Титан - Фред Стюарт
Шрифт:
Интервал:
Закладка:
— Правильно. Труп врага всегда хорошо пахнет.
Он пришпорил коня и галопом помчался дальше к морю.
В обозе турецкой армии на потрепанном с открытым верхом «бенце», за рулем которого сидел сержант-турок, за Кемалем следовали «женщины гази», как их прозвали солдаты: темноволосая красавица Фикри в неизменном черном одеянии и белокурая Диана Рамсчайлд, которая участвовала в этой войне в туфлях, купленных в Париже в «Гермесе», брюках от Миллера из Нью-Йорка, белой, с открытым воротом блузке от Сакса из того же Нью-Йорка и тропической панаме, защищающей от солнца, которую Диана приобрела в магазине «Генри Хит» на Оксфорд-стрит в Лондоне. Диана считала, что неплохо проводит время. Ей приятно было сознавать, что отчасти это и ее война. Ведь у солдат Кемаля было десять тысяч винтовок ее компании, которые она сначала переправила в Бейрут, а оттуда на трех рыбачьих баркасах контрабандно в южную Турцию. Одна эта сделка подняла акции Рамсчайлдов на пять пунктов.
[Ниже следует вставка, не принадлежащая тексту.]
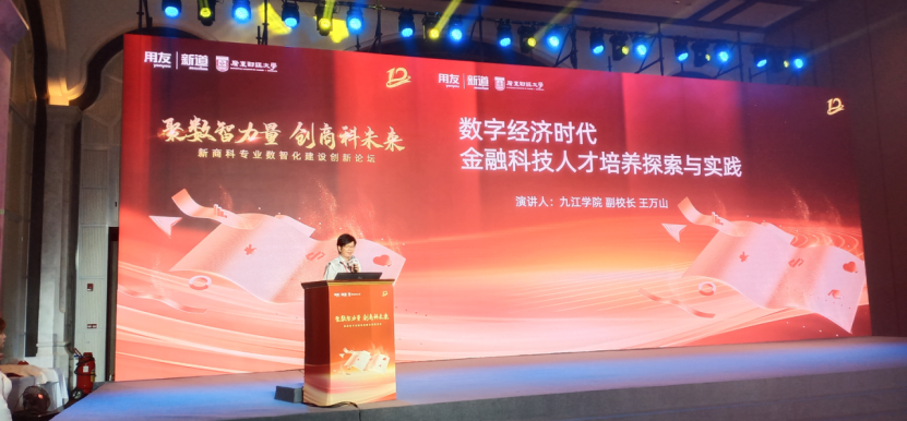 近日,应用友集团的邀请,副校长王万山带领经济学院相关负责人等一行三人参加了由用友网络股份有限公司、新道科技股份有限公司主办的“担时代责任育数智新人——第十二届数智化人才培养产教融合发展大会”。会上,王万山以“数字经济时代金融科技人才培养探索与实践”为主题发表演讲,深入探讨了数字经济时代培养金融科技人才培养的院校实践与路径,受到与会者的赞赏。
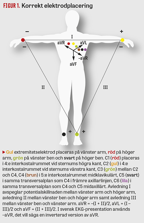 EKG är den i särklass vanligaste kardiologiska undersökningsmetoden. För att EKG ska kunna bedömas adekvat ska det registreras enligt precisa och standardiserade anvisningar [1]. Tre extremitetavledningar (I, II och III) »skapas« från elektroder placerade på vänster arm, höger arm och vänster ben. Dessa tre elektroder skapar även de tre s k unipolära extremitetsavledningarna aVL, –aVR och aVF. Sex elektroder fästs på bröstet (C1–C6) och skapar tillsammans med en sammankoppling av elektroderna på vänster arm, höger arm och vänster ben (den s k Wilsons terminal) de sex bröstavledningarna (V1–V6) [1].
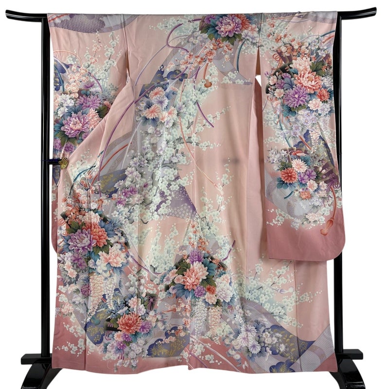 【着物ランク】秀品 【素材】正絹 【身丈】約162.5cm 【裄丈】約65.5cm 【袖丈】約112cm 【袖幅】約33.5cm 【前幅】約24cm 【後幅】約29cm 【サイズ】M 【着物仕立て】袷 【着用時期】10~5月 【状態ランク】ランクB 【着物着用シーン】成人式、謝恩会
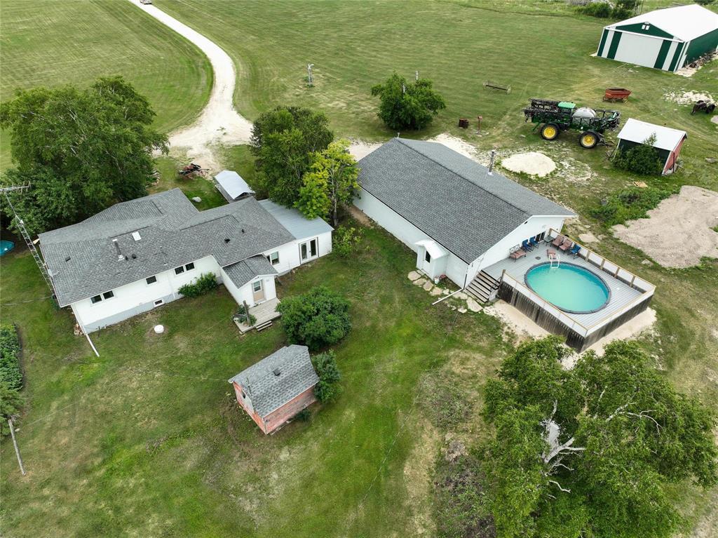 Sprawling 80-Acre Estate. Updated Home & Extensive Outbuildings. Private retreat nestled on 80 AC of serene countryside. This beautifully updated 1364 sf home offers 3 BRs & 3 full baths, thoughtfully designed for comfort & functionality. Step into the bright inviting entryway which leads to a versatile space & a convenient 3-piece bath. A few steps up, you'll find the immaculate kitchen & dining area, featuring contemporary finishes. The adjacent BR wing includes a full bath & showcases sleek lines & a calming aesthetic. Lower level is a cozy haven with a wood-burning fireplace, ample storage, and another 3-piece bathroom — perfect for relaxing evenings or hosting guests. Outside the property truly shines. Enjoy summer days in the above-ground pool, accessed through the charming 293 sf "Garage House", for hobbyists or entrepreneurs. The array of outbuildings is unmatched: 34'x50' Heated & Insulated Shop/Garage w/10' ceilings; 50'x50' Quonset for versatile storage; 42'x66' Machine Shed w/Loft space; 48'x24' Machine Shed w/dedicated workshop. Whether you're seeking a peaceful homestead, a working farm, or a multi-use property with room to grow, this estate offers endless possibilities.

Но важнее для нее было сознавать, что она любит Кемаля, который был ее ханум, ее душой. Его победы были ее победами. Несмотря на пыль и грязь, несмотря на жару и невыносимое зловоние горелой и разлагающейся плоти, несмотря на ужасающий вид изуродованных тел, валявшихся повсюду, Диана восхищалась Кемалем так же, как им восхищались его солдаты. Он пробудил в ней способность, о наличии которой у себя она раньше и не подозревала: способность поклоняться герою, как идолу. Он не мог из-за боевых действий достаточно времени уделять «своим женщинам». Даже зарекся пить до тех пор, пока Смирна вновь не станет турецкой, что для такого любителя выпить, каким был Кемаль, было большим шагом. Диана довольствовалась ролью «походно-полевой наложницы», как она сама себя называла. С радостью она думала о том, что, пожалуй, немногие люди ее круга, немногие ее однокашники по колледжу могут похвастаться тем, что ведут столь романтический образ жизни. О таком она и мечтать не могла бы, став обычной американской домохозяйкой. Даже жизнь главы «Рамсчайлд армс» беднее этой жизни. Она дорожила своим нынешним положением, дорожила каждой новой минутой этого похода. Холодный цинизм Кемаля, его упрощение жизни до формулы «сильный подавляет слабого» серьезно изменили и мораль Дианы. Кемаль был прав, сказав однажды, что у них у обоих душа убийцы.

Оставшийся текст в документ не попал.